This work was financially supported by the Natural Science Foundation of Jiangsu Province Education Office (grant No. 04KJB150015). We also thank Dr Zaichao Zhang for his support.

supplementary crystallographic information

Comment

The crystal structure of ATPA (Beck & Sheldrick, 2008) is the precursor of the synthesis of a wide range of contrast agents with different amide-bound aliphatic side chains, which modulate their physical and physiological properties (Ziegler et al. 1997). However, to the best of our knowledge, there is no information about the structural characterization of its transition metal complexes.

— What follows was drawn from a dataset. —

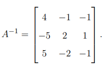 Since \( \det(A) = 1 \), we compute \( adj(A) \) and find:

The molecular structure of the title complex comprises of polymeric chains which extend along the c-axis. In the chain, each Co atom shows a distorted octahedron environment with a [3N+3O] coordination: three nitrogen atoms originate from pyridines, one oxygen from a water molecule and two oxygen atoms from two ATPA ligands. The two CO₂^- groups of the ATPA ligand coordinate to Co²⁺, bridging the Co metal centers. The bond lengths of the distorted octahedron are presented in Table 1. The average Co—N bond distance of the three pyridine ligands is 2.171 Å. The Co—O bond lengths in the title complex are slightly longer than those in the reported coordination polymers of cobalt and 1,3,5-benzenetricarboxylate (2.055 (2) Å) (Livage et al., 2001). The bond angles shown in Table 1 demonstrate the distorted octahedron in the Co coordination center. Compared with the data of the free ligand ATPA (Beck & Sheldrick, 2008), the C—O bond lengths are lengthened, the C—I and C—N bond distances are almost unchanged and the O—C—O bond angles are slightly expanded when the carboxylate groups are coordinated to central cations. The Co—N(py) and Co—O(H₂O) distances are in good agreement with those in diaqua-diformato-dipyridine-cobalt(II) (Zhu et al., 2004), where they are equal to 2.159 (4) Å and 2.143 (3) Å, respectively. A classic O—H···N hydrogen bond is formed by the coordinating water and the uncoordinated pyridine molecule (Table 2).

Experimental

0.29 g (1 mmol) Co(NO₃)₂.6H₂O was dissolved in 10 ml ethanol, 0.54 g (1 mmol) 5-amino-2, 4, 6-triiodoisophthalic acid was dissolved in 10 ml pyridine. To mix two solutions gave a pale purple solution which was stirred at room temperature for 2 h, then filtered. After several days well formed light purple single crystals were obtained.